Kind of a late reply, hope it helps,

Rod
 
Not everyone uses it. However i do.  On smoked sausages i use one cup per 5 pounds of mix. This has always worked for me as i learned this when i was in the buisness and now retired.  You say you were happy with what you made but only need to tweek spices and adjust smoke. So you may have used a lean to fat ratio that turned out great without it.  The ratio of powder'd milk to the sausage mix can vary depending on the fat to lean ratio. The more fat, the more binder or powder'd milk in my opinion.  These binders absorb excess moisture and reduces shrinkage, giving you a better texture and form to your link or fibrous casing for summer sausage for example.  Reinhard
 
My first batch was a #7 pork butt.  I removed the bone and the bits that I did not think should be included. (thin lacy-slimy fatty tissue)   Stupid me did not weigh the final product to be ground and I used spices for a #5 recipe plus a few extras, but not enough. Even worse I did not cook off a sample before I stuffed the sausage, so all of that is on me. I smoked the links for nearly 6 hours in a cool/warm kettle, then in the oven to get the internal temp of 150.  Anyway the mix was on the lean side and needed more spice and smoke, still much better than anything in the stores. To be honest it was not a true Andouille that I grew up with, it looked a bit more like a kielbasa.  

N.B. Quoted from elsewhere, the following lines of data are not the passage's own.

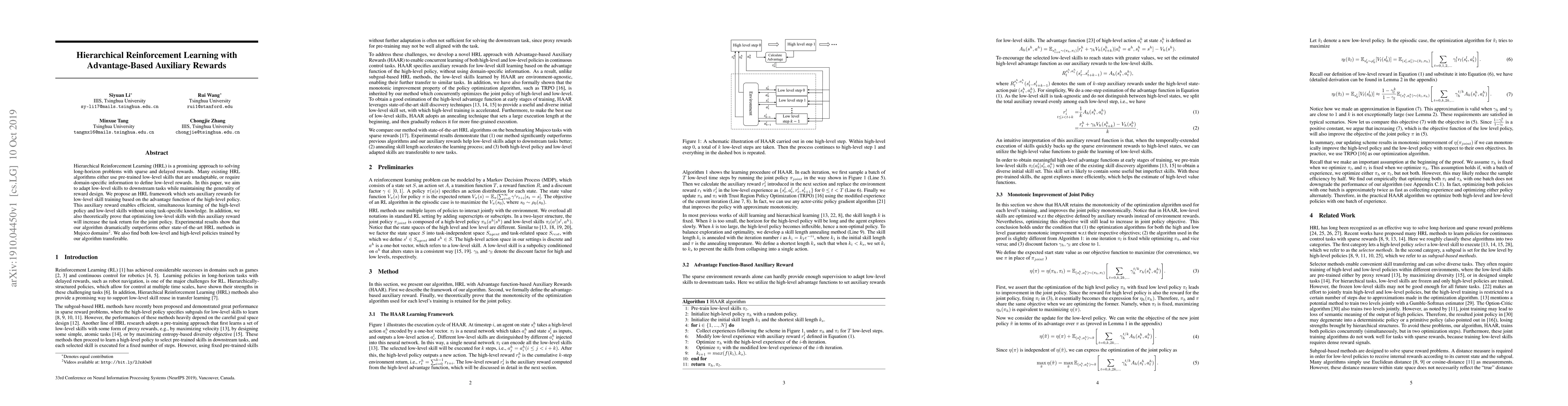 This paper proposes an HRL framework that uses advantage-based auxiliary rewards to train adaptable low-level skills without requiring task-specific knowledge, significantly improving performance over existing methods in Mujoco environments. The framework enables simultaneous learning of high-level and low-level policies, enhancing the overall task return.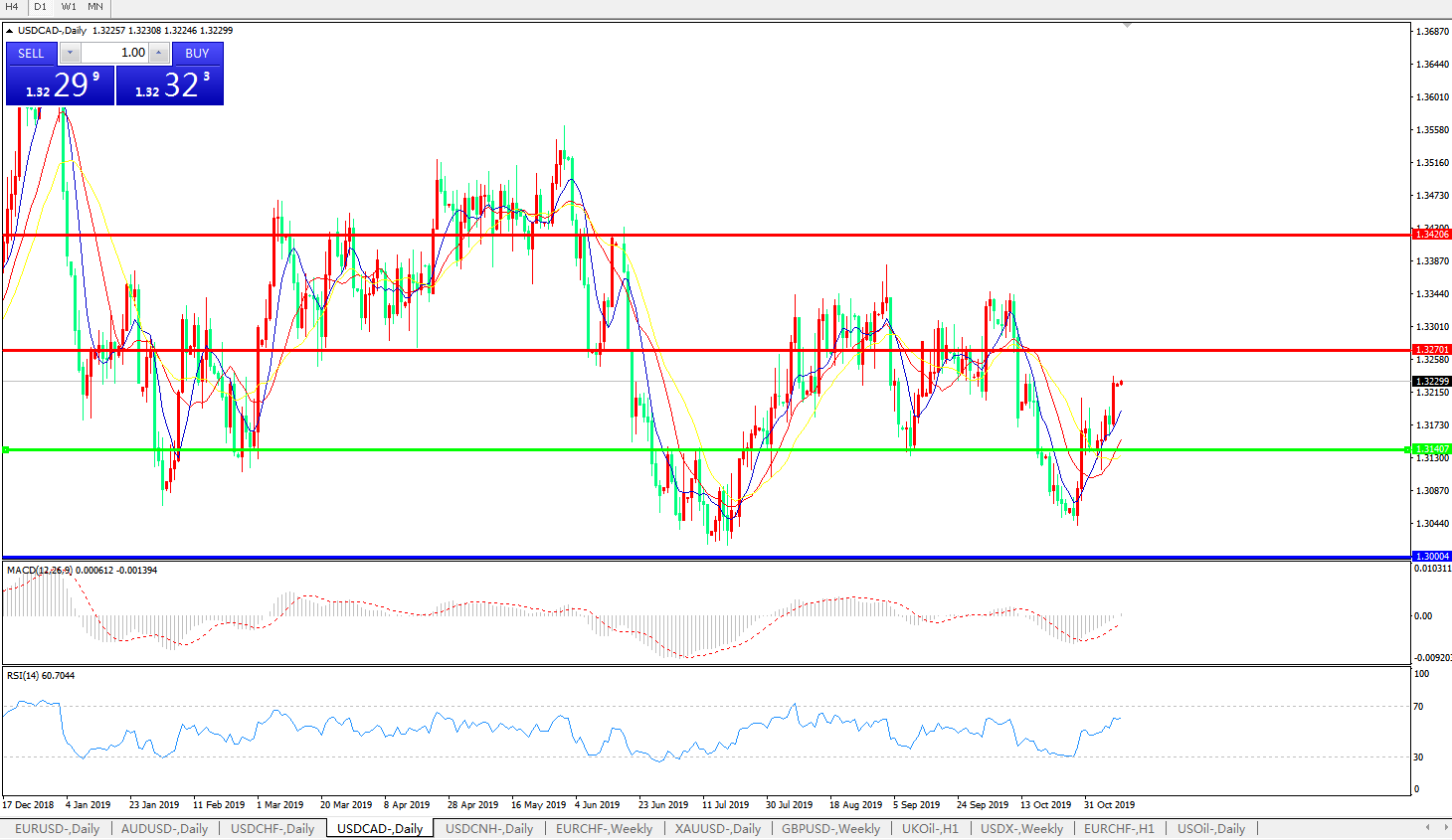 美元兑加元USDCAD 日线图: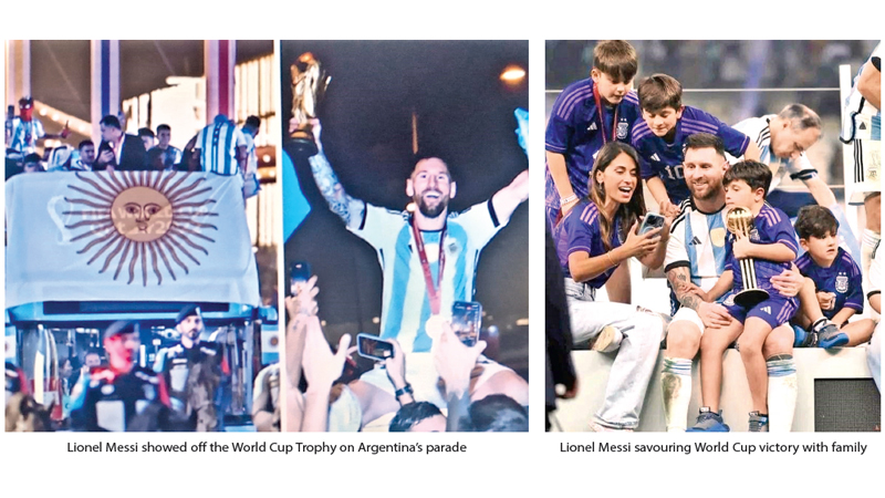 Fireworks and music blasted out as Skipper Lionel Messi and his teammates celebrated on a slow cruise past joyous, screaming fans in Lusail, Doha, Qatar.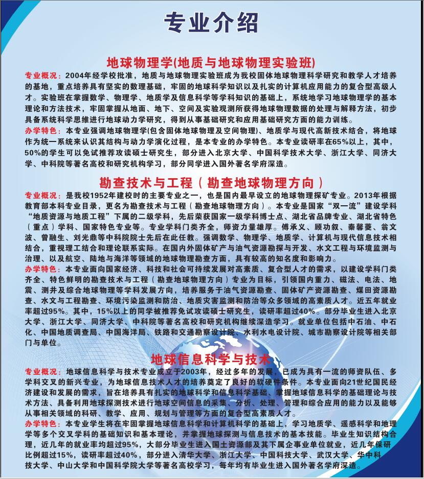 德赢官网现有三个专业:地球物理学、勘查技术与工程、地球信息科学与技术。其中勘查技术与工程专业于2019年6月通过中国工程教育专业认证,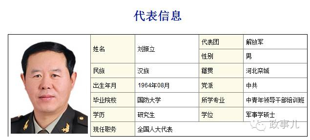 “政事儿”(微信ID:gcxxjgzh)注意到,刘振立还有一个身份——全国人大代表。据解放军报发自2013年3月9日的报道显示,当时,正在北京出席十二届全国人大一次会议的刘振立,突然在一天夜里给“大功三连”连长刘啸宏挂了一个电话。

I got a small amount of Soy Protein Isolate and will give it a try to see for myself, who knows I might like it.  I do remember a few French chefs that I worked with using DMP in pates and terrines and a few that would not use it...  so I guess it all comes down to using ingredients to do the job required and personal preferences. 

The next batch will be to try and achieve a traditional Cajun smoked sausage.  These will be beef & pork - heavily smoked and much drier than normal sausage.  I won't be using the Soy or DMP on these.

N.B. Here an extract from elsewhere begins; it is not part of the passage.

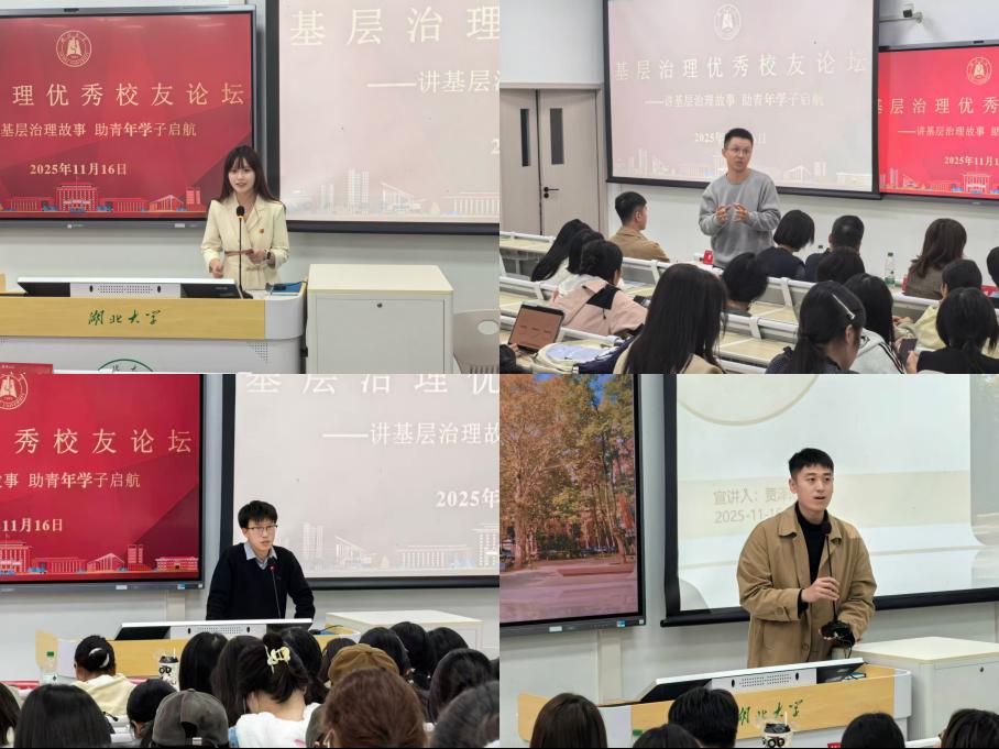 2025年11月16日,tyc122cc太阳成集团基层治理优秀校友论坛在长江新区校区举办。2008级校友蔡昌利、2018级校友陈军武、2020级校友贾泽阳等优秀校友重返母校,与2025级行政管理、国际事务与国际关系专业146名学生相聚鄢家湖畔,面对面分享在校记忆与基层工作感悟。学院党委书记唐良敬、党委副书记余欢、行政管理系副主任陈娟、辅导员李鑫泽、陈欣艺参与本次活动。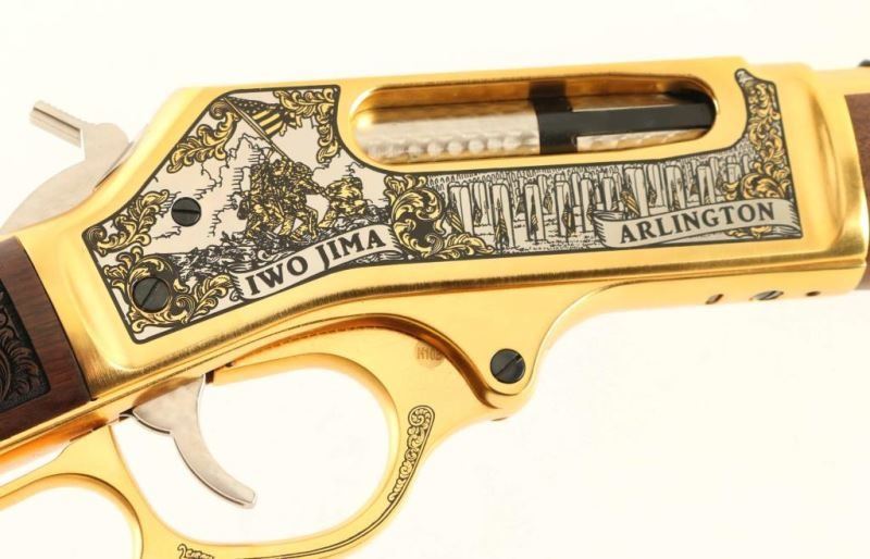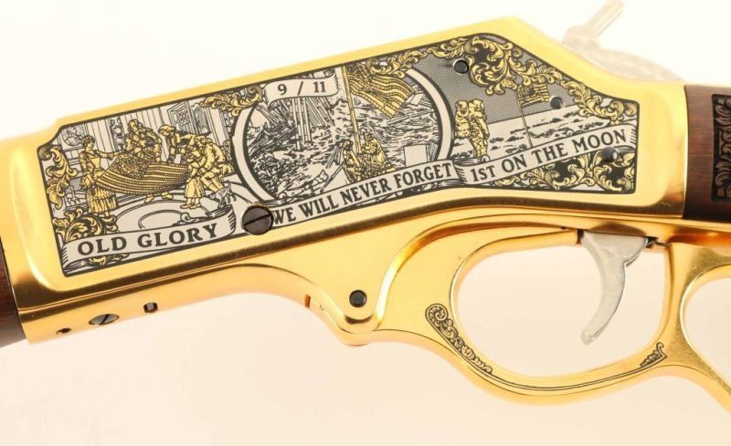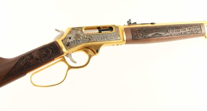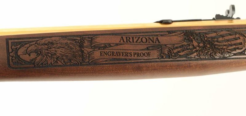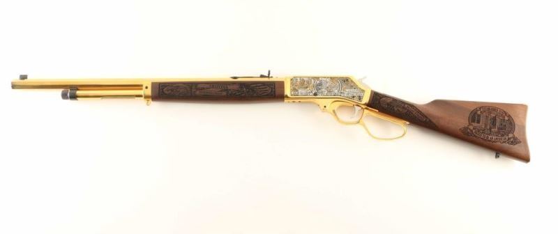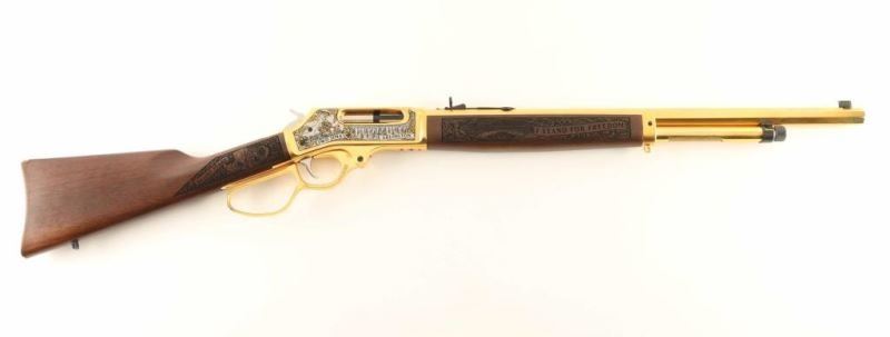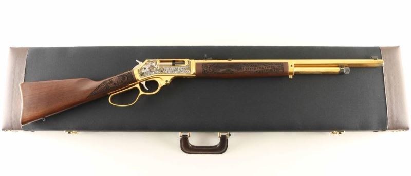 SN: FFSB26416 Model H010B One of a Limited Edition of only 25 rifles for each US state, commissioned by American Legacy Firearms to commemorate the American flag, a symbol that is known around the world. This "Arizona" marked edition lever action rifle in 45-70 caliber features multi layered selective plating in high grade jeweler's nickel and 24K gold, engraved receiver and carved wood depicting scenes related to historical and current events and scenes where the United States flag was flown or played a significant part. Rifle has large loop lever, 22" octagon barrel, 2/3 length magazine tube, buckhorn sights, sling studs and carbine style butt. Original retail price was $2,995 as a special order. Rifle is like new, and comes with luggage style fitted hard case and paperwork. Condition is NRA Excellent - like new *** Modern Firearm ***

Thanks guys for the input, I trust y'all more than a product advertisement!
 
Hi all,
I see in several sausage recipes that use of Soy Protein Concentrate or dry milk powder.  Does this really help and should I get some?   I will be focusing on smoked sausage for now and the advertisement says this is where the Soy Protein Concentrate is needed.  I made #5 of Andouille this weekend and I am basically happy with my product, just need to up the spices and add more smoke.

thanks in advance!

SPC and DMP have a similar effect of the finished product..... I have used SPC at 1.5%... half the max rate... I think it is a commercial additive to add more profit margin vs. original "old world" recipes...
I'm leaning toward not using bulking additives... I think the sausage may be drier as the fat content will not have a binder to attach to, which keeps the sausage moist.....
Like boykjo said.... personal preference .... I think mixing the meat very well until you get that "sticky" meat mass is important when it comes to moist sausage also...
 
I use dry milk powder in sausage because for me it makes much juicier sausage. Not being experienced at sausage making, my first few attempts were disappointing at best. While the flavor was good, the cooking process would squeeze all the moisture out leaving me with dry, mealy, crumbly sausage. This would happen no matter what method I used for cooking them, poaching, pan frying and even smoking at 225˚. I read about using the milk powder as a binder, tried a cup to a 5# batch and have used it ever since. It made a HUGE difference in the texture.

The ratio I've settled on is very simple and works for whatever sausage I'm making:

5lbs pork butt

a 1lb. package of fatback, from which I remove the skin, leaving probably 12oz.

1 cup dry milk powder

Whatever seasonings the recipe calls for.

My guess is this makes for a 25%-30% fat to lean ratio and while not exactly diet friendly, tastes pretty good. By the way, I've only made fresh sausages, haven't tried anything cured or dried.
 
Mdboatbum--you will find the binders more important in smoked than in fresh. I said before that not everyone uses binders in sausage. I agree it's personal preference. The number one rule in sausage and most important factor in making is being happy with what your making.  When i was working as a butcher early on i cant remember what was used for binders. It looked more like bread crumbs that were very fine.  Man, that was 42 years ago now. Been retired since 2007.  They used that stuff for everything and everything sold well. That was a smaller meat market when i started out and binder was used as a profit booster and that's still true to this day.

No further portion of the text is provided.